When I gave my presentation “Innovative Practices in Strength and Conditioning” for, one of the topics that sparked the most interest among listeners was the idea of muscle shortness vs. stiffness.

A lot of athletes come to me complaining of feeling “tight” or “stiff”. These subject feelings can generally be broken down into acute or more “quasi-permanent” categories:

Acute: Following a training session, the resting “tone” of your muscles is increased. Simply, this means that your muscles have a greater level of resting tension and may feel tight or stiff. Unless you’re completely new to exercise, in which case your muscles will maintain a slightly elevated level of tone, this short-term increase in subjective “tightness” will generally subside within a day or two, especially if you do any dynamic or static stretching afterward or the next day.

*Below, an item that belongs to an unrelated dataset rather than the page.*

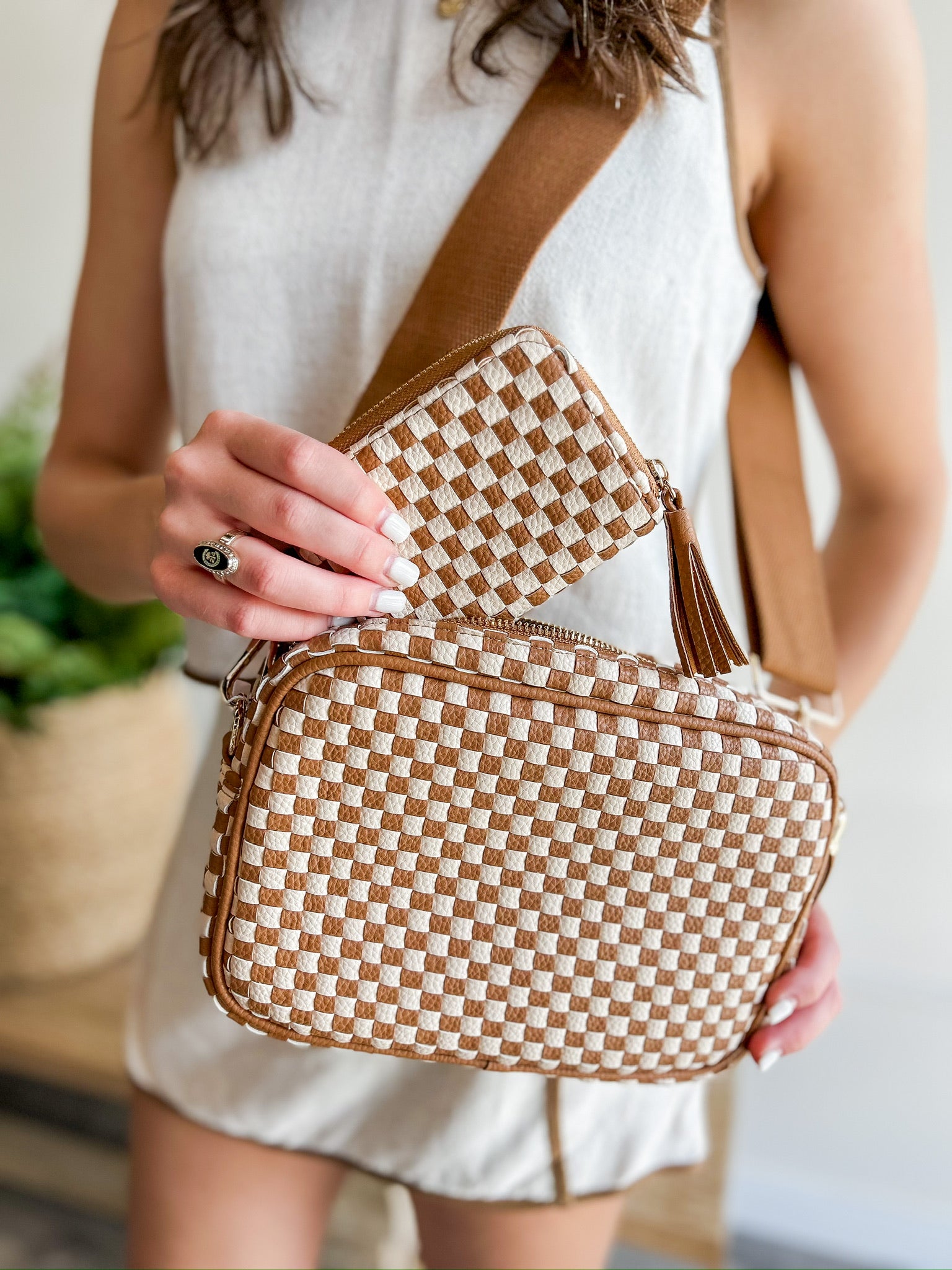 Small but mighty! This tan + white woven wallet is the perfect grab-and-go piece. Pair it with the matching crossbody or toss it in your tote—either way, it’s a whole vibe.

Hockey Training-Trap Bar Deadlift

It’s normal to feel stiff after lifting heavy

“Quasi-Permanent”: I use the term “quasi-permanent” because just about any musculotendinous quality can be altered through training. With that understood, musculotendinous units (referred to as “muscle” from here on for simplicity) can be categorized as either “short” or “stiff”, both of which may feel tight.

In simple terms:

Short means the muscle simply doesn’t have the length. It can be extended to a point, beyond which it will begin to tear.

Stiff means the muscle has more length, it just takes more force to move it.

When I was trying to remember the difference, I thought of the people I knew that had a hard time doing full range of motion body weight squats, but could drop all the way down with ease with a loaded bar on their back. The extra force made it easier for them to achieve full range of motion (a stiffness issue).

Another example: If you’re stretching someone’s hamstrings, you’d bring them up to a point where you feel them start to resist. This can be thought of as an “end point”. If you push harder and the leg simply doesn’t move, it’s probably short. If you push a little harder and the leg moves a little further, it’s probably stiff.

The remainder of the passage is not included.